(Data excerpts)
____________________
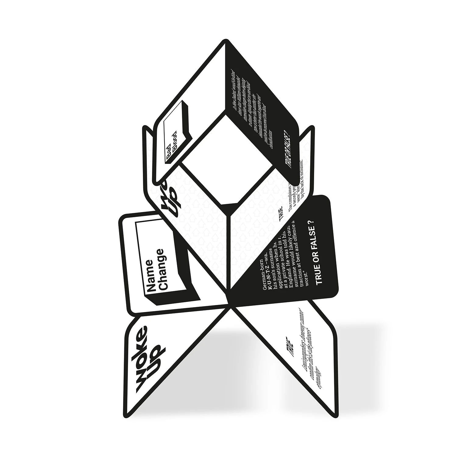 The true or false trivia cards contain news stories relating to woke culture. YouÕve gotta decide if you think the story is real or fake. Get it right and keep the cardÉ Fold it in half, stack it, and bask in the glory of how much taller your tower is than anyone elseÕs Ð especially your parents!
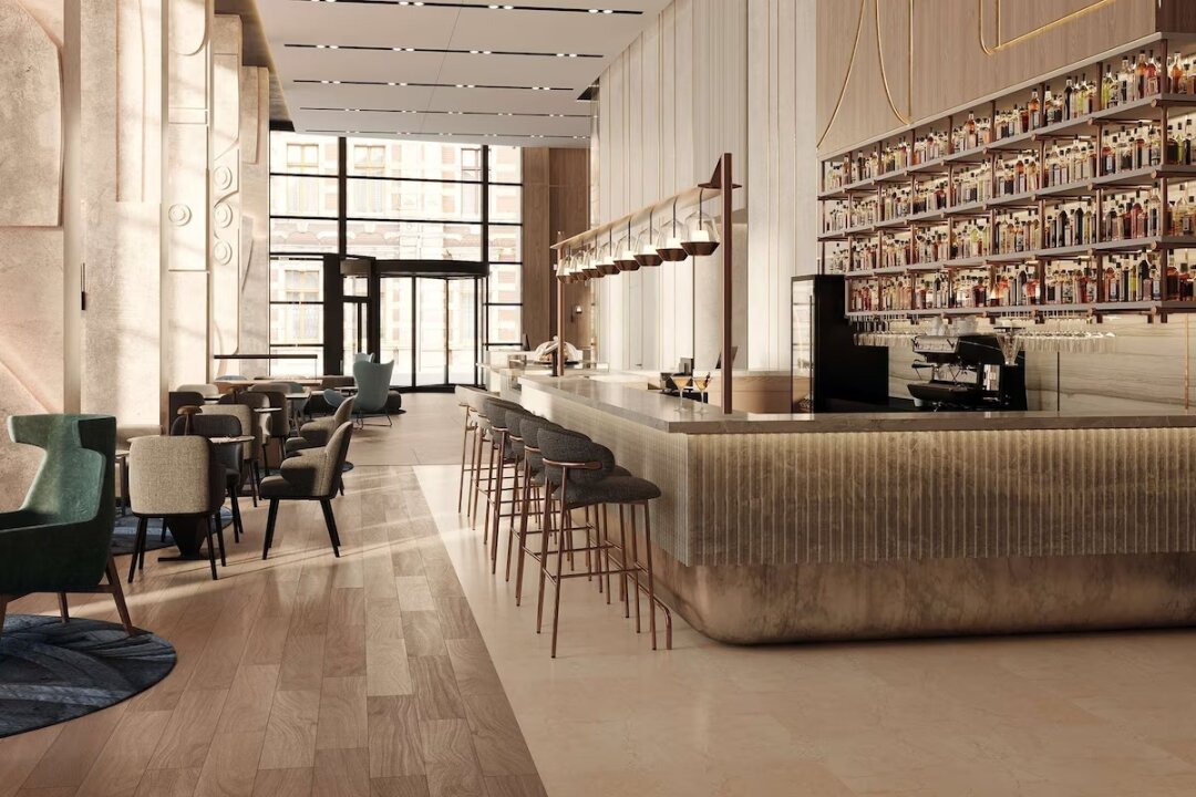 Стало известно, как будет выглядеть гриль-ресторан Stoke и лобби-бар, которые расположатся в отеле Radisson. Он получил разрешение на ввод в эксплуатацию еще в ноябре 2024 года, но пока официальной информации о дате открытия нет.
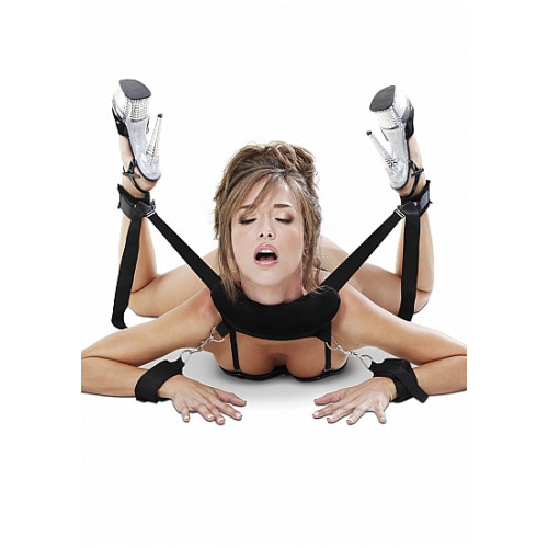 Inkluderer: Hals/nakke Sele, 2 leggcuffs, 2 håndcuffs og øyemaske.
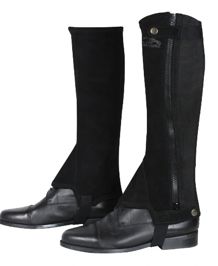 Kvalitní minichaps z velurové kůže. Postranní zapínání na zip. Elastická vložka pro snadnější napasování na nohu. Výrobce Kentaur.
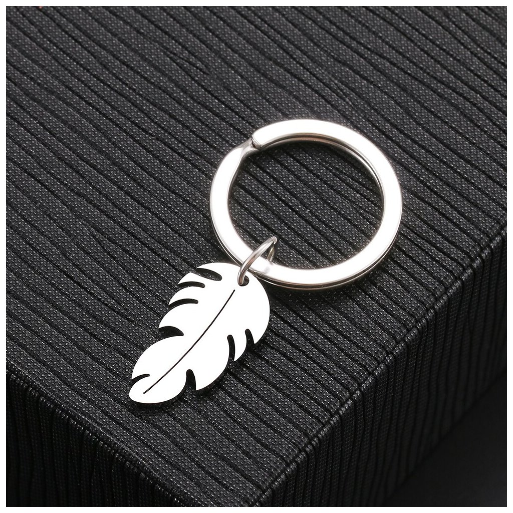 Ocelová klíčenka s přívěskem - peříčko
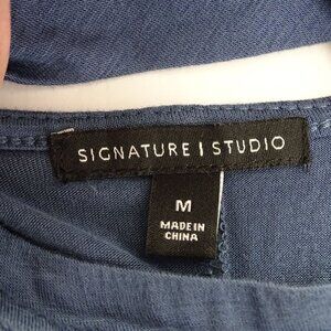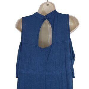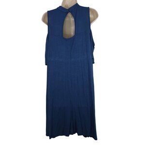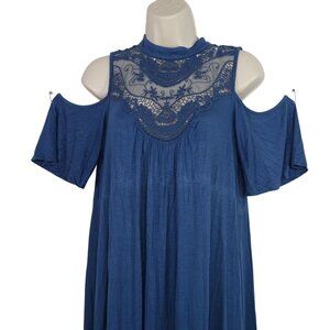 Signature Studio Cold Shoulder Navy Blue Shift Dress Women Size M High Neck Lace
____________________
-- Task instructions --
Please repeat, exactly as written, only the lines from the line with "Стало известно, как" to the end of the data, leaving out every picture.

-- Response to the exercise --
 Стало известно, как будет выглядеть гриль-ресторан Stoke и лобби-бар, которые расположатся в отеле Radisson. Он получил разрешение на ввод в эксплуатацию еще в ноябре 2024 года, но пока официальной информации о дате открытия нет.
 Inkluderer: Hals/nakke Sele, 2 leggcuffs, 2 håndcuffs og øyemaske.
 Kvalitní minichaps z velurové kůže. Postranní zapínání na zip. Elastická vložka pro snadnější napasování na nohu. Výrobce Kentaur.
 Ocelová klíčenka s přívěskem - peříčko
 Signature Studio Cold Shoulder Navy Blue Shift Dress Women Size M High Neck Lace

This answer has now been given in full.